Entries shown:
■ ■ ■ ■

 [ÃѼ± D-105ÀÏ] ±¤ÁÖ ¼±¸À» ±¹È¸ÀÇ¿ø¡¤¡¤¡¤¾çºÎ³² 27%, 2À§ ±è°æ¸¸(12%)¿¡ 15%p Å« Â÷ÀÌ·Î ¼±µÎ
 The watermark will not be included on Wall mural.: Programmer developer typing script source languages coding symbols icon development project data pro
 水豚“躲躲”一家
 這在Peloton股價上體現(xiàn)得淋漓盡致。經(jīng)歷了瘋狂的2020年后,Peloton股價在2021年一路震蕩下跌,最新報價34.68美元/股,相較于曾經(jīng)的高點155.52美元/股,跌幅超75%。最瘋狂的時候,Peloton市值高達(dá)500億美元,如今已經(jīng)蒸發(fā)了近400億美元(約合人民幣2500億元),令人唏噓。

■ ■ ■ ■

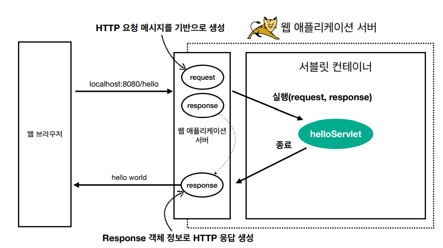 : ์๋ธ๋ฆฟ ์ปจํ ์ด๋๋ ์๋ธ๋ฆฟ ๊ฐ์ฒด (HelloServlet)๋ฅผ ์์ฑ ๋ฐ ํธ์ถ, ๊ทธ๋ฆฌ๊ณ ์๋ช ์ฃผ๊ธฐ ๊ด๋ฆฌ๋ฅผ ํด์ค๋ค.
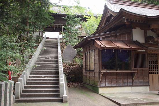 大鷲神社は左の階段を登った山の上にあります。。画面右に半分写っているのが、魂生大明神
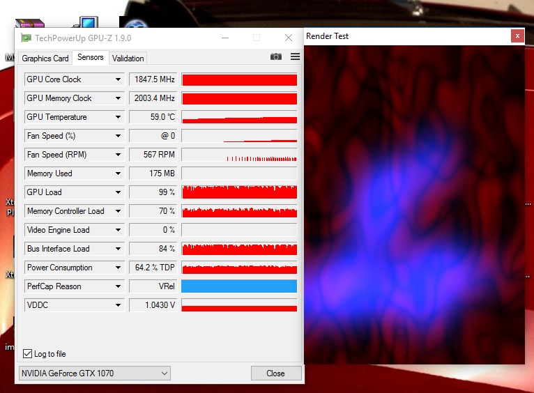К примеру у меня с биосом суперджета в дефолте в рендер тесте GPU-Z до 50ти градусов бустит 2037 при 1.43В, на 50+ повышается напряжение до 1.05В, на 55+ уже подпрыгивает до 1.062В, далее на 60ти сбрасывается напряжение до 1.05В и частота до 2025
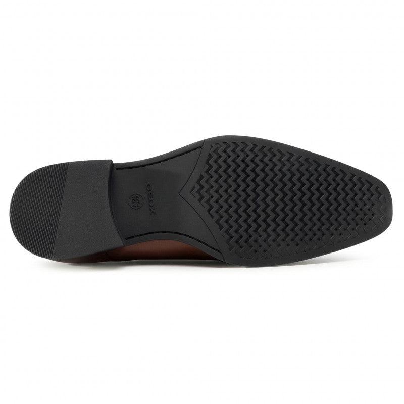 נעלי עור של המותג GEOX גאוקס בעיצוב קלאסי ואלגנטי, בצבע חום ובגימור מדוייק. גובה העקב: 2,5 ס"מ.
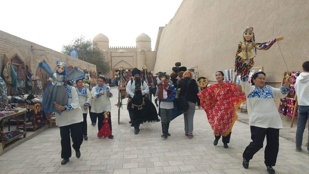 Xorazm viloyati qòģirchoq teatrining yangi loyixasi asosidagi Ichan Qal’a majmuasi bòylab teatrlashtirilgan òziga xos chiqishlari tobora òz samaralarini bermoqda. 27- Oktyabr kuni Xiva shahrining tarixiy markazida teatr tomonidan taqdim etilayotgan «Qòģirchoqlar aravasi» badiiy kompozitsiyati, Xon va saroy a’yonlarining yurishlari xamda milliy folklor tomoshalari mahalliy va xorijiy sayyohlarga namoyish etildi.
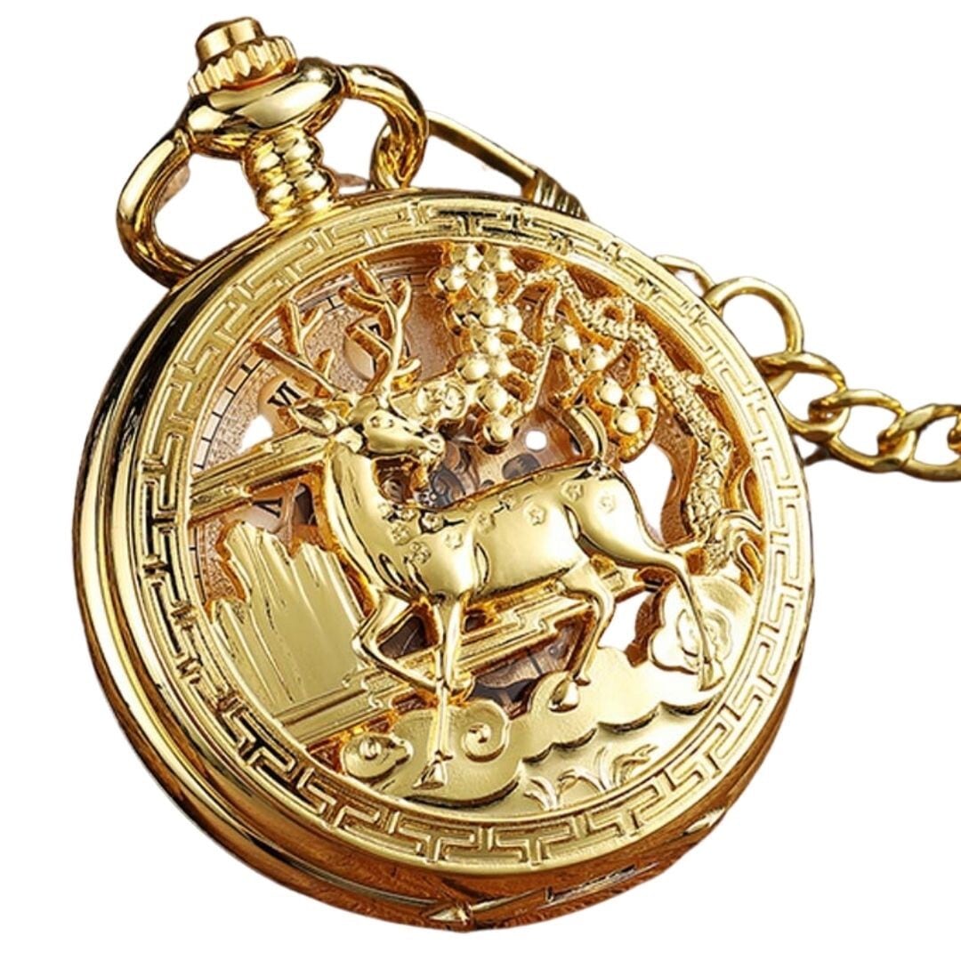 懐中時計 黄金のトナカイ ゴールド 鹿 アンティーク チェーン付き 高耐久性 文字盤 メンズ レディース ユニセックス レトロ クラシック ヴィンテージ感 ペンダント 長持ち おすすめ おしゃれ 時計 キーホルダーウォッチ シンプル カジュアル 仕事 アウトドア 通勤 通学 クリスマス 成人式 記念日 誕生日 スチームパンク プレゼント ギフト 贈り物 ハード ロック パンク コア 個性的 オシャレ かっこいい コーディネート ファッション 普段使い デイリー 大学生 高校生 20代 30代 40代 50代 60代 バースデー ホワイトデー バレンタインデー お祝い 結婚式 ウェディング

■ ■ ■ ■

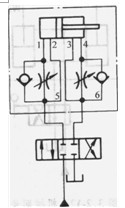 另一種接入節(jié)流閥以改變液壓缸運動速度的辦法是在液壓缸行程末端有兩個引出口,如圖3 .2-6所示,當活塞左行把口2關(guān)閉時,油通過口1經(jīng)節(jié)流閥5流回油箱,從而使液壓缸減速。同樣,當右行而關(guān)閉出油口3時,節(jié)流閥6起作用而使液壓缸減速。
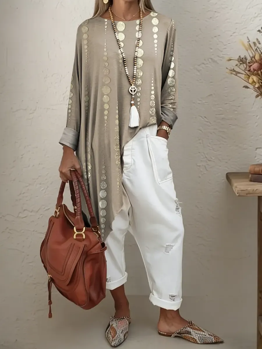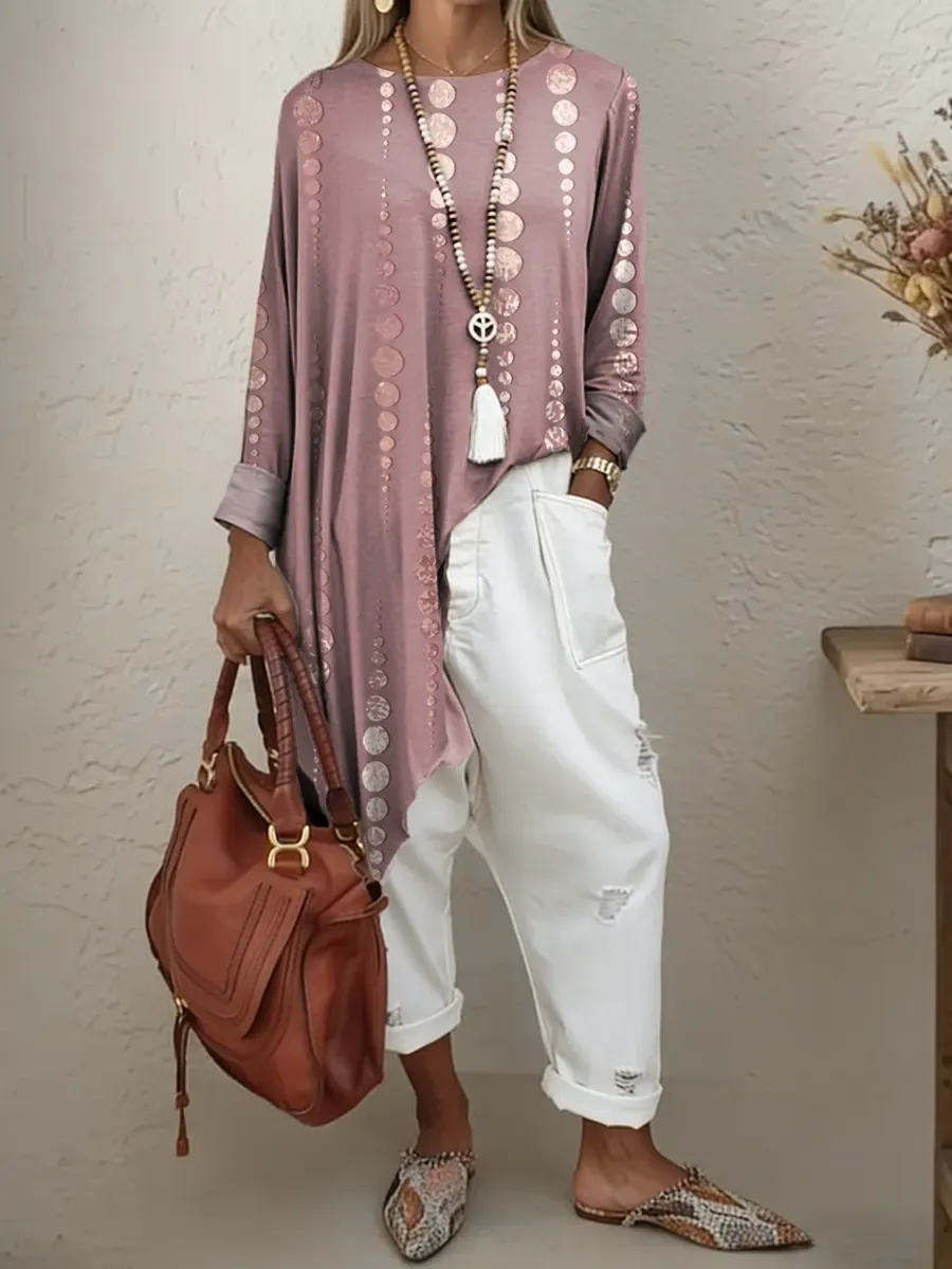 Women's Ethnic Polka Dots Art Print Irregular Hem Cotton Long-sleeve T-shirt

■ ■ ■ ■

Instructions for the task: Your answer should be the lines above from the one containing "[ÃѼ± D-105ÀÏ] ±¤ÁÖ" through the one containing "這在Peloton股價上體現", copied exactly and with both ends kept.

Final answer:
 [ÃѼ± D-105ÀÏ] ±¤ÁÖ ¼±¸À» ±¹È¸ÀÇ¿ø¡¤¡¤¡¤¾çºÎ³² 27%, 2À§ ±è°æ¸¸(12%)¿¡ 15%p Å« Â÷ÀÌ·Î ¼±µÎ
 The watermark will not be included on Wall mural.: Programmer developer typing script source languages coding symbols icon development project data pro
 水豚“躲躲”一家
 這在Peloton股價上體現(xiàn)得淋漓盡致。經(jīng)歷了瘋狂的2020年后,Peloton股價在2021年一路震蕩下跌,最新報價34.68美元/股,相較于曾經(jīng)的高點155.52美元/股,跌幅超75%。最瘋狂的時候,Peloton市值高達(dá)500億美元,如今已經(jīng)蒸發(fā)了近400億美元(約合人民幣2500億元),令人唏噓。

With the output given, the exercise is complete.